DATA BLOCK →
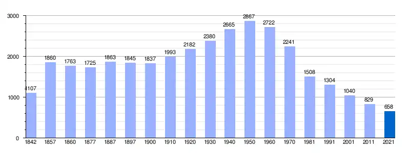 Población de derecho (1842-1991, excepto 1857 y 1860 que es población de hecho) o población residente (2001-2011) según los Censos de Población desde 1842. Población según el padrón municipal de 2021 del INE. |
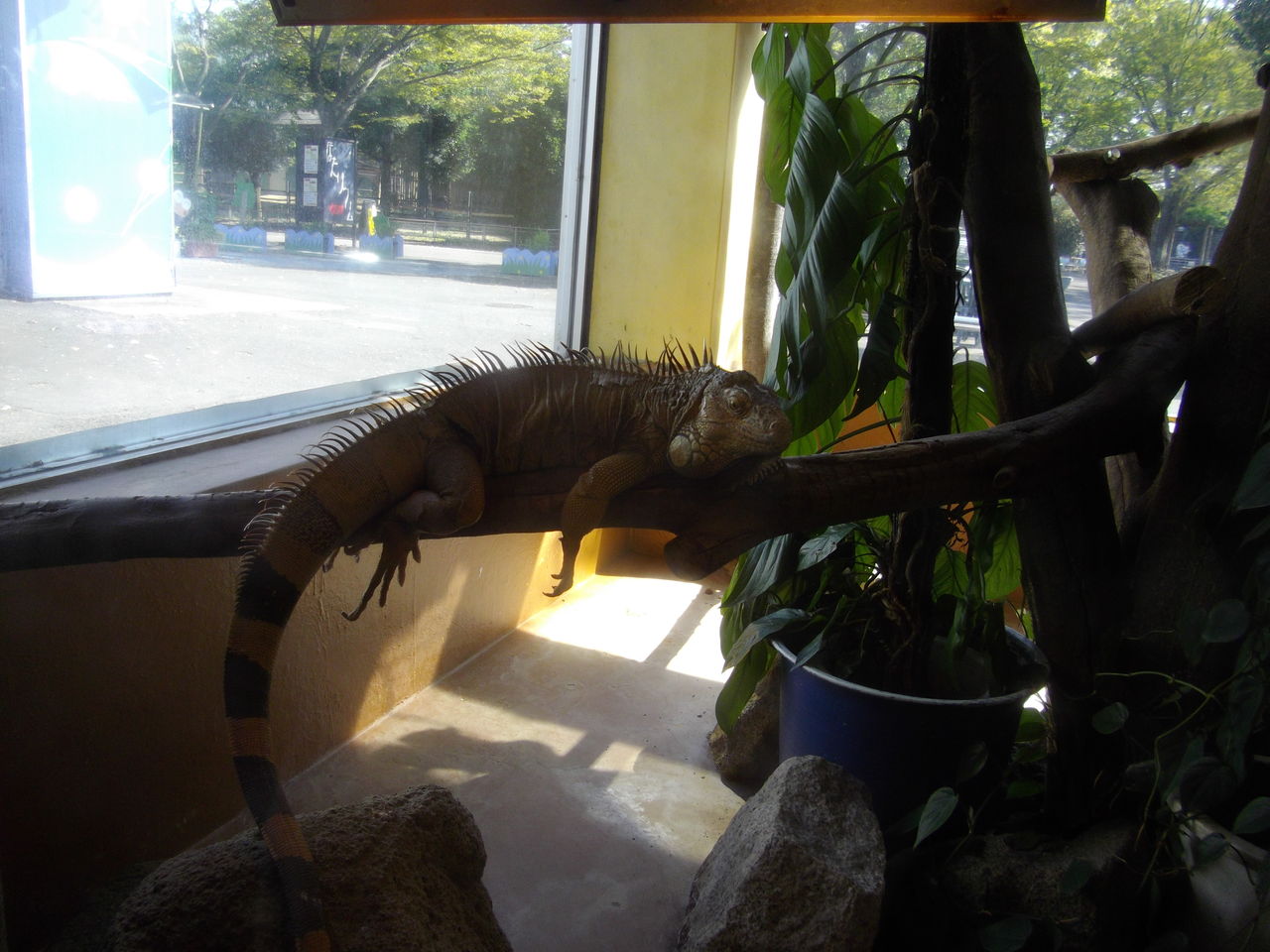 さぁ今回は、ワニ館にいるグリーンイグアナのよもぎさんの一日をご紹介!(※(注記)オスですから普通はよもぎ君ですが、とても威厳のある顔をしているので敬意を表し「さん付け」で私は呼んでいます。)
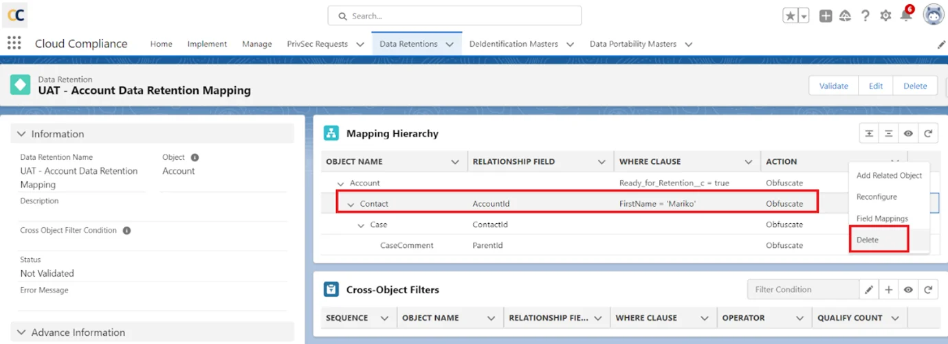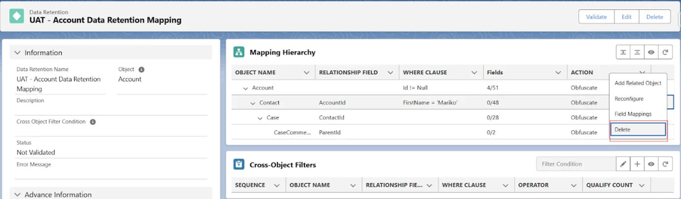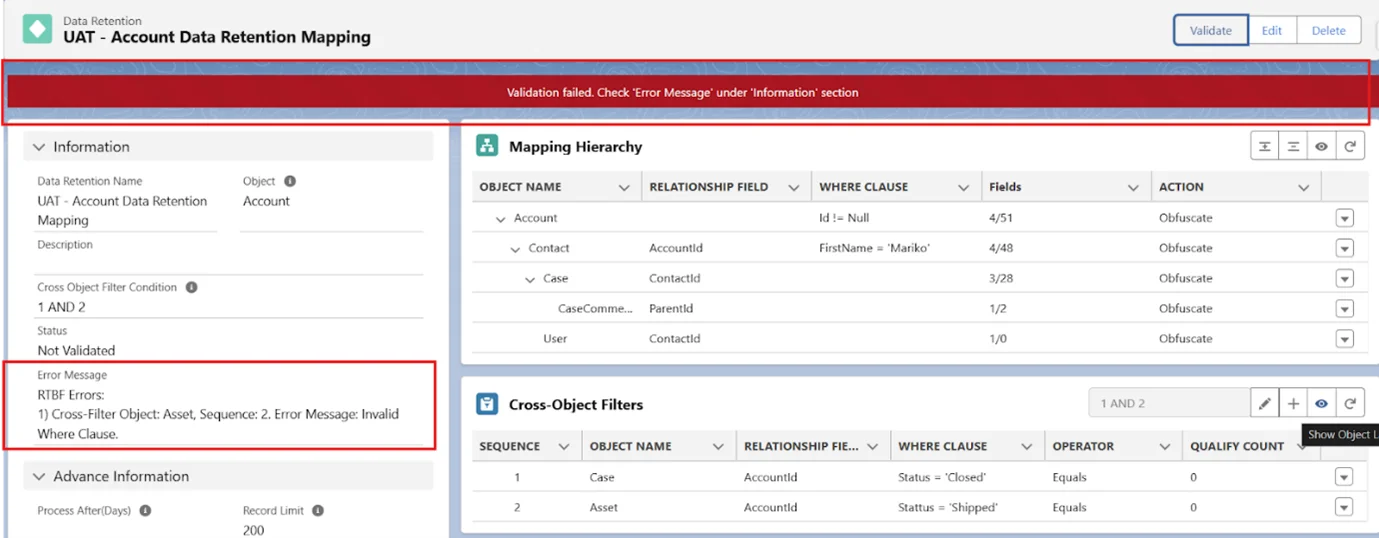 - Once a user clicks on the Validate button, CC will validate the mapping hierarchy, where clause and Cross Object Filters.
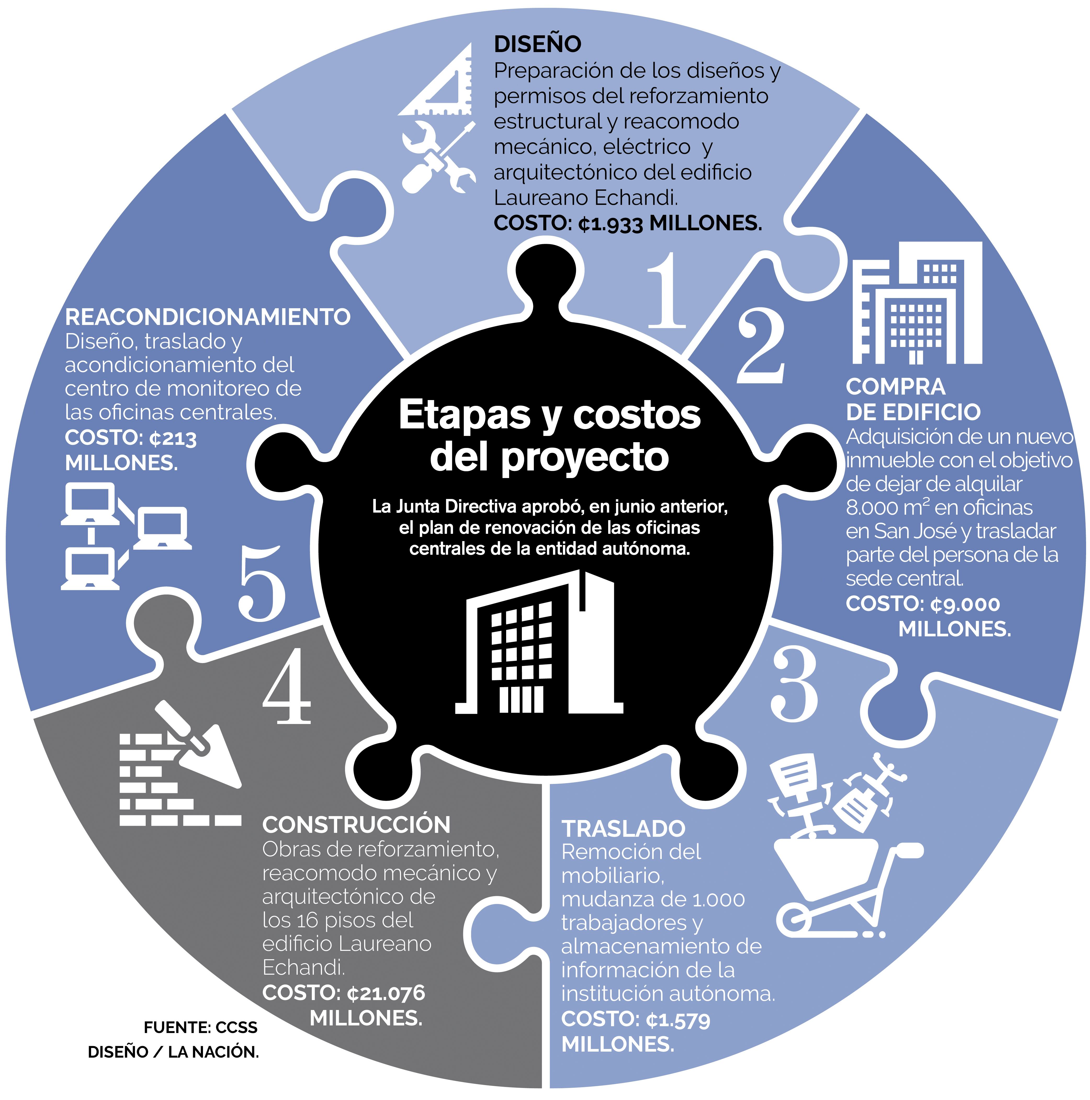 Esta etapa es la más onerosa, pues tendrá un costo de ¢21.076 millones. Según el cronograma aprobado por la Directiva de la Caja, a comienzos de 2021 deberá estar finalizada dicha construcción.

WHAT THE TASK REQUIRES →
Could you copy each line above exactly as written, minus any pictures?

EXERCISE OUTPUT →
 Población de derecho (1842-1991, excepto 1857 y 1860 que es población de hecho) o población residente (2001-2011) según los Censos de Población desde 1842. Población según el padrón municipal de 2021 del INE. |
 さぁ今回は、ワニ館にいるグリーンイグアナのよもぎさんの一日をご紹介!(※(注記)オスですから普通はよもぎ君ですが、とても威厳のある顔をしているので敬意を表し「さん付け」で私は呼んでいます。)
 - Once a user clicks on the Validate button, CC will validate the mapping hierarchy, where clause and Cross Object Filters.
 Esta etapa es la más onerosa, pues tendrá un costo de ¢21.076 millones. Según el cronograma aprobado por la Directiva de la Caja, a comienzos de 2021 deberá estar finalizada dicha construcción.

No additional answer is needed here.